Date & Time: Monday, August 8, 2011 :: 2:30 p.m.

Venue: Ramanujan Hall

Title:Integrated Modelling and Inference for Heterogeneous Data

Speaker:Madhuchhanda Bhattacharjee, Department of Statistics, University of Pune, India

Abstract: In this talk I would present a framework for integrating diverse data sets under a coherent probabilistic setup. The necessity of a probabilistic modeling arises from the fact that data integration does not restrict to compiling information from data bases with data that are typically thought to be non-random. Currently wide range of experimental data is also available however rarely these data sets can be summarized in simple output data, e.g. in categorical form, moreover it may not even be appropriate to do so.

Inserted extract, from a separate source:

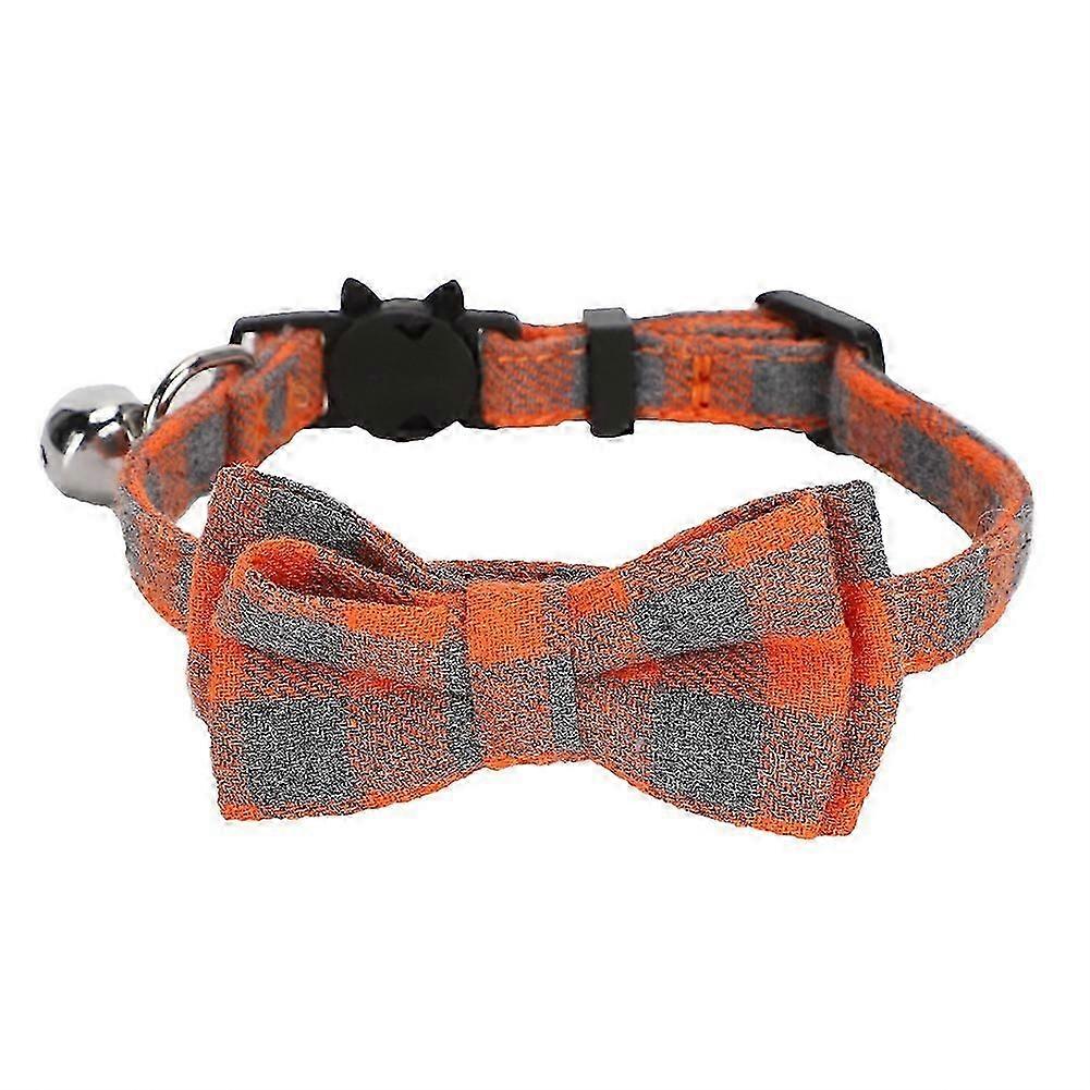 Cats Cute Bowknot Collars Plaid Tie Soft Cloth Bowtie with Bell Pets Decoration SuppliesOrange

Also unlike the framework of meta-analysis, the composite data may comprise of several experiments which are meaningful but complementary in nature. The hypothesis driven fusion of these enabled us to drastically reduce the required experiment size. Note that even if we had the resource to carry out the full experiment some of these may not have been biologically feasible to do in reality.

Often the biological hypotheses emerge as the analysis progresses. Thus the framework should be flexible enough to translate these at varied stages of analysis in to the statistical framework as functions of parameters.

The different functional combinations of the model parameters cover a wide range of biological characteristics to be studied. This is another aspect of our modeling setup that is not easily available in the commonly used statistical tools, simply because complex hypotheses would require specialized testing procedure which may not be available readily. Complexity of individual modeling units was kept moderate to optimize computation time and parameter space of interest.

While analyzing using existing models quite often we observe that even moderate change in analysis technique for one data set and even for a single step of analysis can influence overall biological conclusions. It is well-known that this happens due to not propagating uncertainties in these analysis steps to subsequent steps. The Bayesian setup enables us to avoid this problem. Unfortunately analytic intractability is a common consequence of such complex models. We have succeeded in implementing this integrated model using available software, opening up varied modeling and input data-type possibilities.

Our objective has been to balance between quantity of data and quality of inference. Although one would be tempted to use as much data as possible, since most experimental data come with some degree of measurement error, summarizing the data and ignoring the noise potentially can (and often does) lead to non-reproducible results. Available data need to be integrated based on knowledge, followed by application of robust inference methods. The proposed setup allows coherent modeling of vast amount of observed data, robust inference of parameters of interest, incorporation of prior knowledge to address biologically relevant questions.